In forming that opinion, I have borne in mind the counsel of caution given in cases such as A.G. v World Best Holdings Ltd (2005) 63 NSWLR 557 and Armstrong Management Pty Ltd v Saies-Bond & Associates Pty Ltd [2007] NSWADTAP 47. In the former case at [121] Spigelman CJ said:
"The Ministerial second reading speech ... indicates a similar concern to distinguish what is unconscionable from what is merely unfair or unjust. Even if the concept of unconscionability in s62B of the Retail Leases Act is not confined by equitable doctrine, as the decisions under s51AC of the Trade Practices Act (Cth) suggest, restraint in decision-making remains appropriate. Unconscionability is a concept which requires a high level of moral obloquy. If it were to be applied as if it were equivalent to what was 'fair' or 'just', it could transform commercial relationships in a manner which the Minister expressly stated was not the intention of the legislation. The principle of 'unconscionability' would not be a doctrine of occasional application, when the circumstances are highly unethical, it would be transformed into the first and easiest port of call when any dispute about a retail lease arises."

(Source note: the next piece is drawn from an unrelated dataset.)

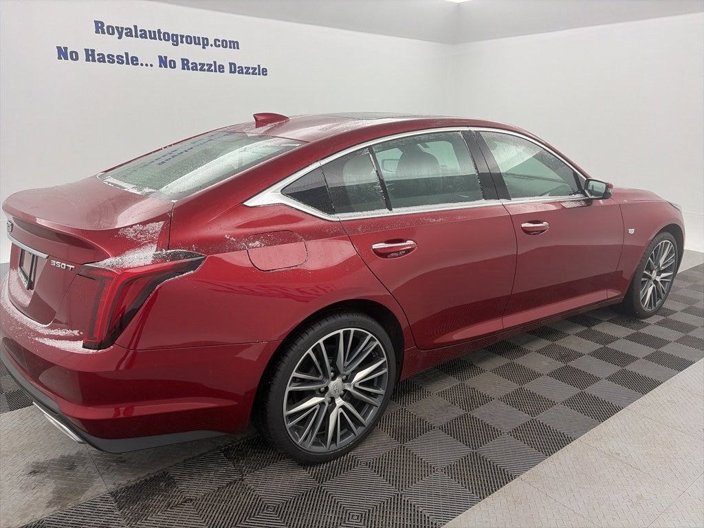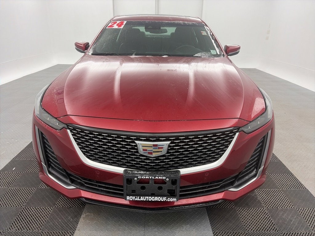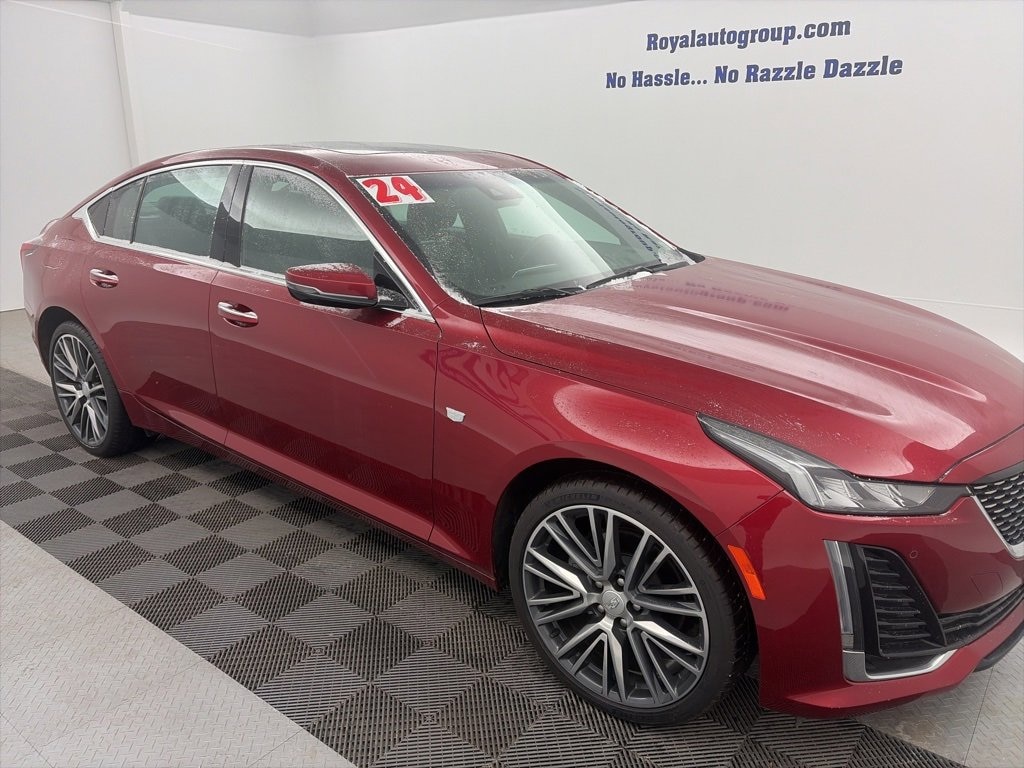 Royal Motor Company is proud to offer this good-looking 2024 Cadillac CT5 a positively outstanding-looking Sedan with the following Features: Climate Package (Driver 4-Way Power Lumbar Seat Adjuster, Front Passenger 4-Way Power Lumbar Seat Adjuster, Heated Driver & Front Passenger Seats, Heated Steering Wheel, and Ventilated Driver & Front Passenger Seats), Preferred Equipment Group 1SD (Body-Color Heated Pwr-Adjustable Outside Mirrors, Dual Diagonal Color Driver Information Center, Front & Rear Park Assist, HD Rear Vision Camera, Inside Rear-View Auto-Dimming Mirror, Lane Keep Assist w/Lane Departure Warning, LED Reflective Windshield Alert, and Steering Wheel Mounted Paddle Shift Controls), 3 USB Ports, 4-Wheel Disc Brakes, 9 Speakers, ABS brakes, Air Conditioning, Alloy wheels, AM/FM radio: SiriusXM with 360L, Apple CarPlay/Android Auto, Auto High-beam Headlights, Auto-dimming door mirrors, Auto-dimming Rear-View mirror, Automatic Stop/Start w/Disable, Automatic temperature control, Brake assist, Bumpers: body-color, Compass, Delay-off headlights, Driver door bin, Driver vanity mirror, Dual front impact airbags, Dual front side impact airbags, Electronic Stability Control, Emergency communication system: OnStar and Cadillac connected services capable, Exterior Parking Camera Rear, Four wheel independent suspension, Front anti-roll bar, Front Bucket Seats, Front Center Armrest, Front dual zone A/C, Front License Plate Bracket, Front Passenger 8-Way Power Seat Adjuster, Front reading lights, Fully automatic headlights, Garage door transmitter, HD Radio, Heated door mirrors, Illuminated entry, Knee airbag, Leather Seating Surfaces, Leather steering wheel, Low tire pressure warning, Memory seat, Occupant sensing airbag, Outside temperature display, Overhead airbag, Overhead console, Panic alarm, Passenger door bin, Passenger vanity mirror, Power door mirrors, Power driver seat, Power passenger seat, Power steering, Power windows, Premium 9-Speaker Audio System Feature, Radio data system, Radio: Cadillac User Experience, Rain sensing wipers, Rear anti-roll bar, Rear reading lights, Rear seat center armrest, Rear window defroster, Remote keyless entry, SiriusXM w/360L, Speed control, Speed-sensing steering, Split folding rear seat, Steering wheel memory, Steering wheel mounted audio controls, Tachometer, Teen Driver, Telescoping steering wheel, Tilt steering wheel, Traction control, Trip computer, Turn signal indicator mirrors, UltraView Dual Pane Sunroof, Variably intermittent wipers, Voltmeter, Wheels: 18 Alloy w/Manoogian Silver Finish, and Wheels: 20 Alloy w/Polished/Dark Android Gloss Finish.

In the latter case an Appeals Panel of this Tribunal said at [141]:
"In our view s62B requires, ultimately, an holistic examination of all the circumstances of the lease relationship. While no case is likely to involve all the categories of misconduct enumerated in the non-exclusive check-list, one would normally expect to see an unconscionable conduct finding supported by a range of considerations. It would be unusual, but not impossible, we think, for one instance of egregious conduct to be enough to give rise to a finding of unconscionable conduct."
Particulars in the Amended Application in proceedings 115180 suggest that "the lessor had no intention of honouring such an agreement" (referring apparently to the first arrangement) but I do not see that this particular has been made out on the evidence. Nevertheless, the imposition by the lessor of the August 2009 debits was itself, in the circumstances then obtaining, so inappropriate as to constitute, in my opinion, and on cautious assessment, such a degree of unconscionability as to amount to unconscionable conduct within s62B of the RLA. The lessor sought to undo unilaterally the first and second arrangements and thereby renege on them two years after the event, when the lessees' business was on the brink of ultimate financial failure, and without explanation. Those arrangements, which as I have said above, had been implemented in a conscientious mutual effort in the commercial interests of both parties, to keep the shop functioning. I have concluded, therefore, that Mr Dover is also (apart from his rights under the contractual and estoppel situations referred to above) entitled to relief in accordance with s72AA of the RLA in respect of unconscionable conduct constituted by the imposition by the lessor of the August 2009 debits.